Earth’s quasi-moon Kamo’oalewa is not made of cheese
That our planet has a moon is generally accepted, though one popular conception of its composition is doubtful. What isn’t so well known is that Terra has a number of quasi-moons: small objects that remain close to the plant while they orbit the sun. Despite being nearby, quasi-moons are difficult to observe, and so little is known about their origin or composition.
One such Terran quasi-moon is Kamo’oalewa, an asteroid whose orbit transitions between quasi-satellite and horseshoe orbital states. The name Kamo’oalewa derives from a Hawaiian word referring to an oscillating celestial object.

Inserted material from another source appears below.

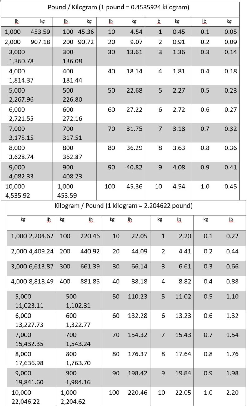 Pound – Kilogram ve Ons – Gram Dönüşüm Tabloları

Given its orbit, it is thought that Kamo’oalewa originated in the Terra-Moon system as a fragment of the Moon, possibly as ejected debris from a meteor impact on its surface, or otherwise the gravitational breakup of a larger body during a close encounter. Thanks to Tucson-based planetary astronomer Benjamin Sharkey and others using the Large Binocular Telescope and Lowell Discovery Telescope in Arizona, we now learn that Kamo’oalewa has a red reflectance spectrum very similar to that of minerals on the Moon’s surface.
Sharkey and his colleagues show that the spectrum of Kamo’oalewa suggests a silicate composition, but with a reddening beyond that usual for asteroids in the inner solar system. The best compositional match is with lunar silicates.
The latest finding does not, however, confirm the lunar origin hypothesis. Kamo’oalewa could, for example, come from an as-yet undiscovered quasi-stable population of Terra’s so-called Trojan asteroids orbiting near the L4 and L5 Lagrange points between planet and sun.